A Província - 10 de novembro de 1914. 
A Província - 27 de novembro de 1906. 
A Gretoeste - A História da Rede Ferroviária Great Western of Brazil, William Edmundson. Editora Ideia, João Pessoa, 2016.
Bismarck Martins de Oliveira – O Cangaceirismo no Nordeste – 2ª ed. – João Pessoa – 2002.

Montagem gráfica mostrando o conflito entre o cangaceiro Antônio Silvino com a Great Western. OBS: a logo ao lado não se refere especificamente a logomarca da GWBR, esta era uma das placas localizadas ao lado dos carros de passageiros da companhia.

Interessante charge onde mostra uma "negociação" entre o famoso bandoleiro e um diretor da companhia inglesa. Notar o "manto de pele de tigre" e "lanças", aludindo ao grupo de Antônio Silvino. 
Fonte: Revista O Malho de 5 de outubro de 1907. OBS: O referido volume saiu três dias depois da inauguração do ramal Itabaiana - Campina Grande.

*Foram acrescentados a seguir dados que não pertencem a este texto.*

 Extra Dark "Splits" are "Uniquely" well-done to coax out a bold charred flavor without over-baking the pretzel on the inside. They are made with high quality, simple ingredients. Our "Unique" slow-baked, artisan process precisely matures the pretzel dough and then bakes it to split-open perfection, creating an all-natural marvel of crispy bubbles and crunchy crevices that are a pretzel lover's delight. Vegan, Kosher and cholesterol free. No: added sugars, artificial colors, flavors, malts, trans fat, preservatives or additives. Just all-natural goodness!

Interessante charge da "Fera Dominada e Presa". Fera esta o cangaceiro Antônio Silvino. Fonte: O Malho n°640 de 19 de dezembro de 1914. 

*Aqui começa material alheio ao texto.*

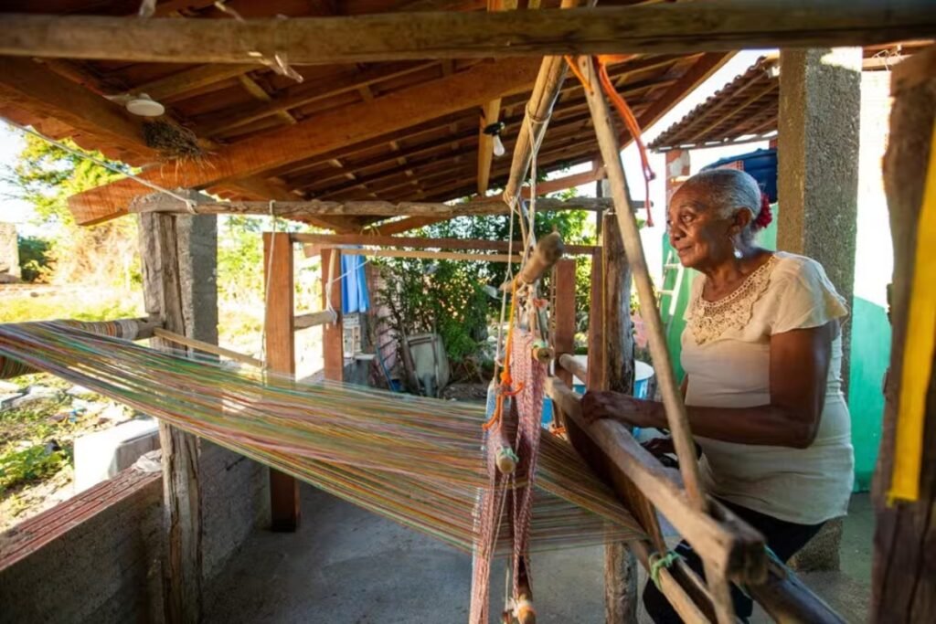 A poucos metros dali, outro museu orgânico preserva saberes ancestrais: o Museu Casa Oficina de Dona Dinha. Raimunda Ana da Silva, de 74 anos, é mestra na arte de tecer redes de dormir — símbolo da cultura nordestina com raízes indígenas.

O bandoleiro fotografado durante sua pena na Penitenciária do Recife. Fonte: Eu Sei Tudo, março de 1924.  

Casa de Teodulina Alves Cavalcanti, prima do bandoleiro. Foi aqui nesta humilde residência localizada na Rua Arrojado Lisboa, que no dia 28 de julho de 1944 faleceu Antônio Silvino. Fonte: http://cgretalhos.blogspot.com/2018/01/o-cangaceiro-antonio-silvino-viveu-e.html#.Xx8egFVKjIV

Capa do livro do amigo William "Eddie" Edmundson, onde conta a história da Great Western of Brazil Railway em quatro estados nordestinos, além da história contata acima envolvendo o bandoleiro e a companhia inglesa.